In the entries that follow, the lines from the line containing "另外一些手机的云盘也具有自动" up to and including the line containing "Die Chili sin" must be copied exactly, with pictures omitted.

Material provided:
+---+

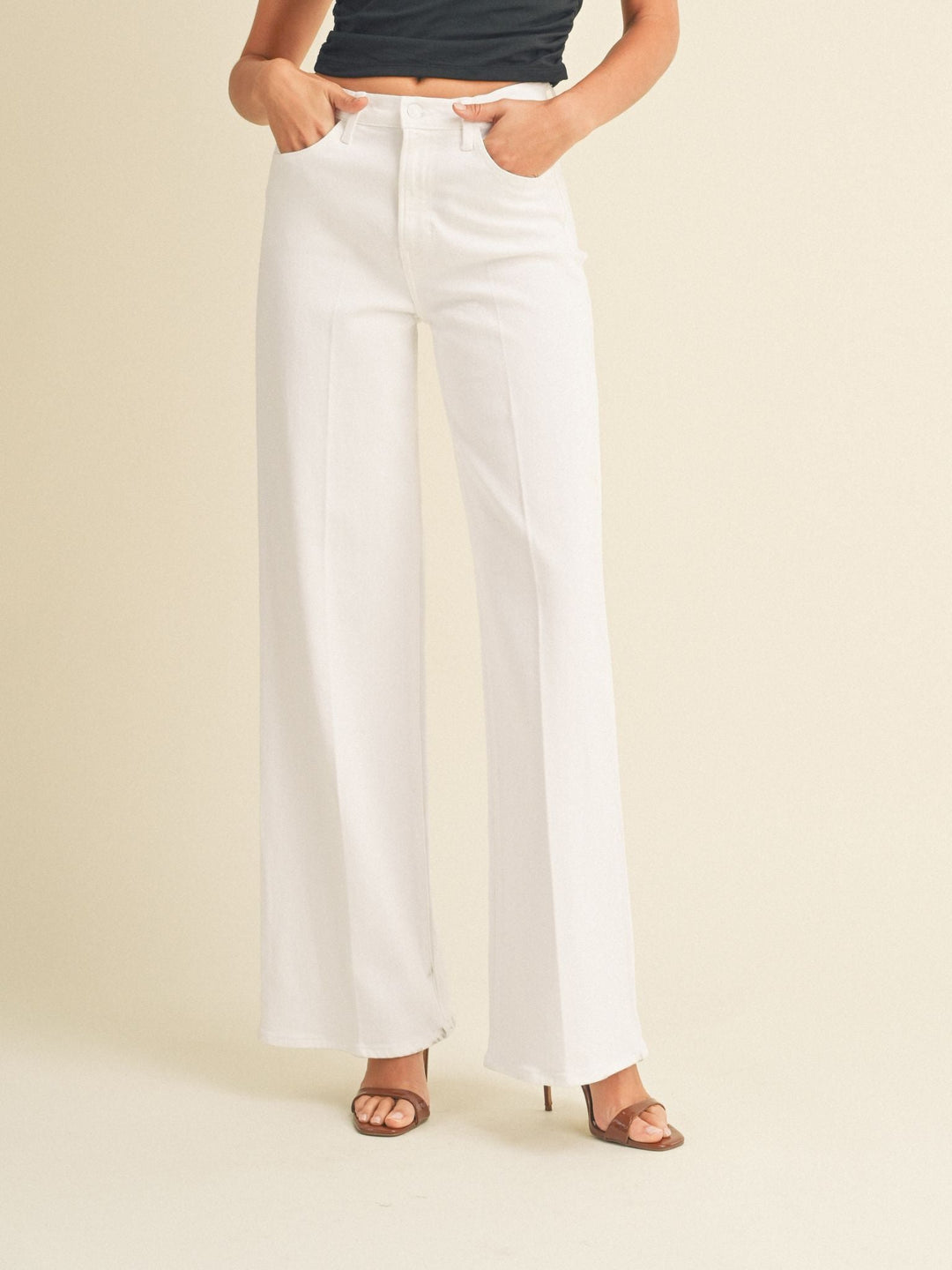 Introducing our Just Black White Palazzo Jean! With its crisp white coloration and wide leg silhouette, this jean offers a polished look that can be dressed up or down. Make a statement in this versatile piece and elevate your wardrobe today!
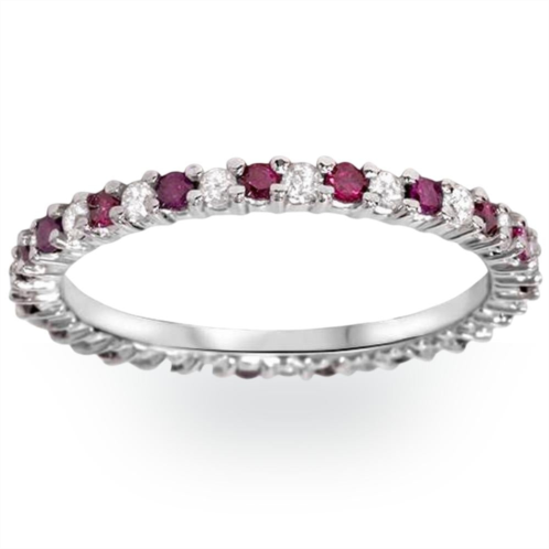 [US] Pompeii3 1/2ct ruby & diamond eternity wedding ring 14k white gold womens band
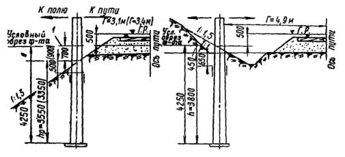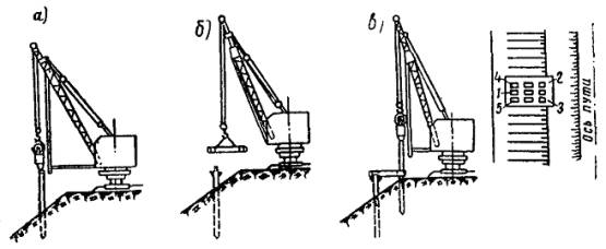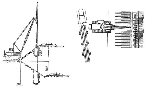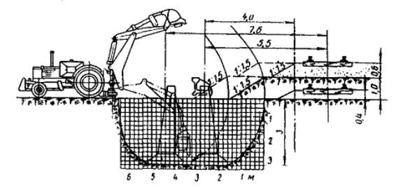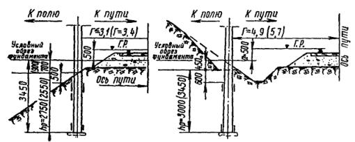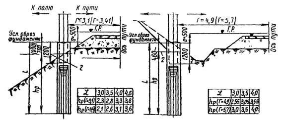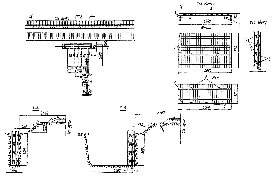 Первый способ. Экскаватор разрабатывает вдоль подошвы насыпи, параллельно оси пути, первую продольную траншею. Ее длина должна быть больше соответствующего размера котлована на 0,5 - 0,7 м с каждой стороны (рис. 22). При необходимости, для обеспечения стоянки экскаватора, нижняя часть откоса насыпи может быть временно удалена и не позднее чем через сутки должна быть вновь засыпана и уплотнена. Затем стенку траншеи со стороны пути закрепляют при помощи щитов. При этом распорки устанавливают по концам траншеи так, чтобы они не мешали экскаватору разрабатывать котлован последующими проходками перпендикулярно оси пути. Затем экскаватор разрабатывает котлован при закрепленной стенке со стороны пути таким образом, чтобы проходки по границам котлована были выполнены последними. Рис. 22. Схема разработки экскаватором котлована для фундаментов опор гибких поперечин: а - последовательность разработки котлована; б - конструкция деревянного щита; 1 - стойка; 2 - бобышка; 3 - щит; 4 - распорки; 5 - бруски 160´160´5000 мм; 6 - монтажные петли; 7 - доски 50´200´1750 мм Грунт, полученный от первой проходки экскаватора, укладывают в отвал со стороны поля и в дальнейшем перемещают бульдозером за пределы границы котлована. Второй способ. Экскаватор разрабатывает котлован несколькими проходками, перпендикулярными оси крайнего пути, с отвалом грунта за пределы котлована (рис. 23). Рис. 23. Разработка котлована экскаватором без крепления стенок Ширина траншей соответствует ширине ковша. Число проходок определяется размерами котлованов в плане и наибольшим радиусом выгрузки. Разработку котлованов по второму способу можно производить только при расстояниях от оси пути до ближайшей грани опоры, равных 5,5 м на нулевых местах и 7,6 м на насыпи высотой до 1 м (см. рис. 23), позволяющих отрывать котлован механизированным способом без ручной доработки. В остальных случаях рытье котлованов целесообразно вести по первому способу. 2.8.8. В междупутье разработка котлованов ведется траншеями, параллельными осям путей, с погрузкой грунта на платформы. Часть грунта, необходимая для засыпки пазух котлованов, оставляется в междупутье. Доработка котлованов до проектных отметок и последующая засыпка пазух котлованов осуществляется автокранами с грейферными ковшами. Котлован в междупутье закрепляется со стороны обоих путей согласно указаниям п. 2.8.7 (см. рис. 22). 2.8.9. Подачу локомотива с платформами под погрузку грунта следует производить поочередно, по одному из двух соседних с котлованом станционных путей. По мере разработки котлована и удаления экскаватора от оси пути, на котором стоит локомотив с платформами и когда расстояние между экскаватором и платформой становится равным радиусу погрузки, локомотив с платформами необходимо переставить на станционный путь с другой стороны котлована. 2.8.10. В случае, если разработка котлованов при помощи экскаватора невозможна, рекомендуется применять многоковшовые котлованокопатели в комплексе с кранами, оборудованными грейферными ковшами или транспортерами. В этом случае грунт разрабатывают котлованокопателем с перекидкой грейфером или транспортером. Котлован окончательно дорабатывают по глубине (при необходимости) краном МК-15 с грейферным ковшом емкостью 0,75 м3. 2.8.11. Предоставление «окон» для работы многоковшовых котлованокопателей, кр
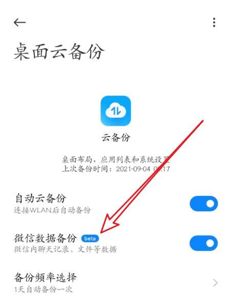 另外一些手机的云盘也具有自动备份微信聊天记录的功能,比如笔者的小米手机Miui云盘就可以选择备份微信数据,可以自动备份微信的聊天记录与文件等。使用该功能也可以方便的备份聊天记录到云端。
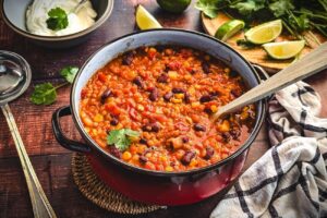 Die Chili sin Carne Zubereitung läuft in einem Topf ab und verlangt keine besonderen Handgriffe.
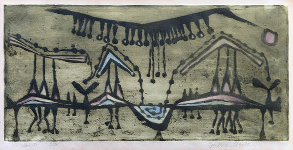 Living in Camden with his father’s press installed, Clarke experimented with aquatint as well as moving into the medium of sculpture. Alongside commissions in iron Clarke took advantage of the post-war architectural boom, producing large-scale works in various materials for significant buildings. His commissions include works for Suffolk College and Coventry Cathedral. In 1975 he was elected RA, and his work is held in major British collections.
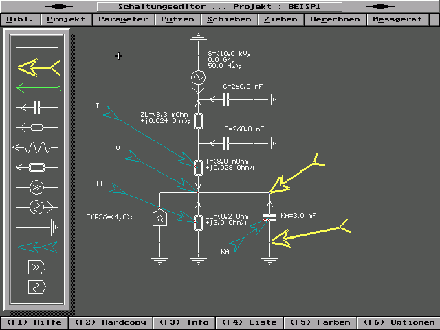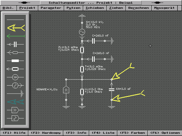 Das externe Stromversorgungsnetz wird durch die Spannungsquelle S ersetzt, die Freileitung durch eine Längsimpedanz ZL mit zwei Erdungskondensatoren, der Transformator durch die Impedanz ZT. Die nichtlineare Last wird durch eine polyharmonische Stromquelle ersetzt, der die Messergebnisse des Experiments NONAME zugeordnet werden. Den linearen Teil der Last ersetzt die Impedanz ZN und die Blindleistungskompensationseinrichtung ist durch den Kondensator CB vertreten. Die richtige Erstellung des Ersatzschaltbildes ist ein sehr wichtiger Punkt. Ebenso wichtig ist auch die richtige Wahl und Eingabe der Parameter. Diese beiden Punkte werden in vielen Literaturquellen beschrieben, z. B. [1, 2].
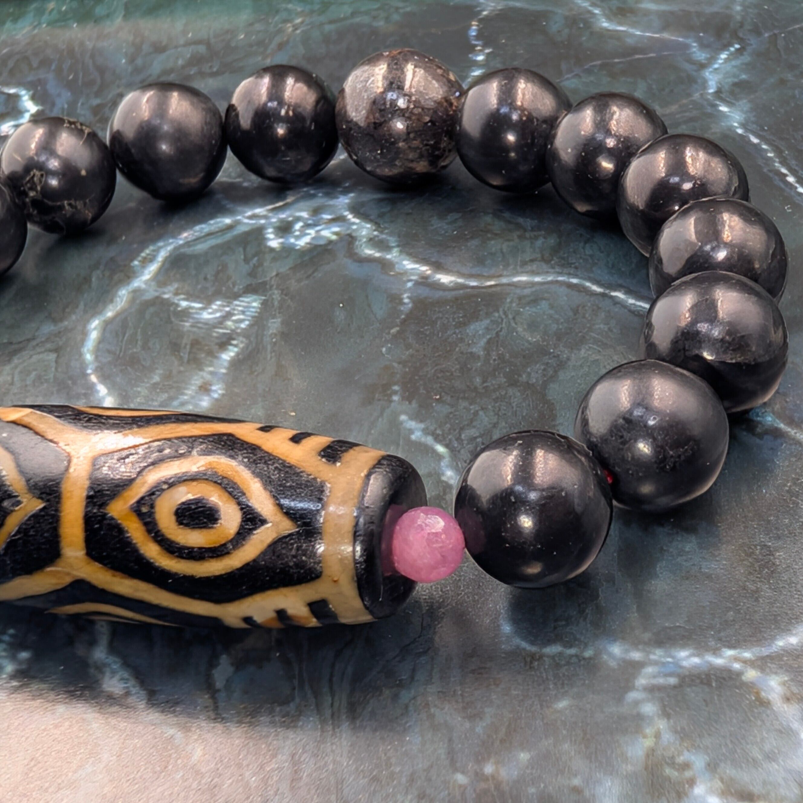 呪禁導師シリーズ最新作、**『奇跡の呪禁導師 〜火供龍眼NWA869隕石シュンガイト〜』**は、所有者の運命を劇的に塗り替える「生還と繁栄」の最高峰呪具ブレスレットです。

+---+

Exercise output:
 另外一些手机的云盘也具有自动备份微信聊天记录的功能,比如笔者的小米手机Miui云盘就可以选择备份微信数据,可以自动备份微信的聊天记录与文件等。使用该功能也可以方便的备份聊天记录到云端。
 Die Chili sin Carne Zubereitung läuft in einem Topf ab und verlangt keine besonderen Handgriffe.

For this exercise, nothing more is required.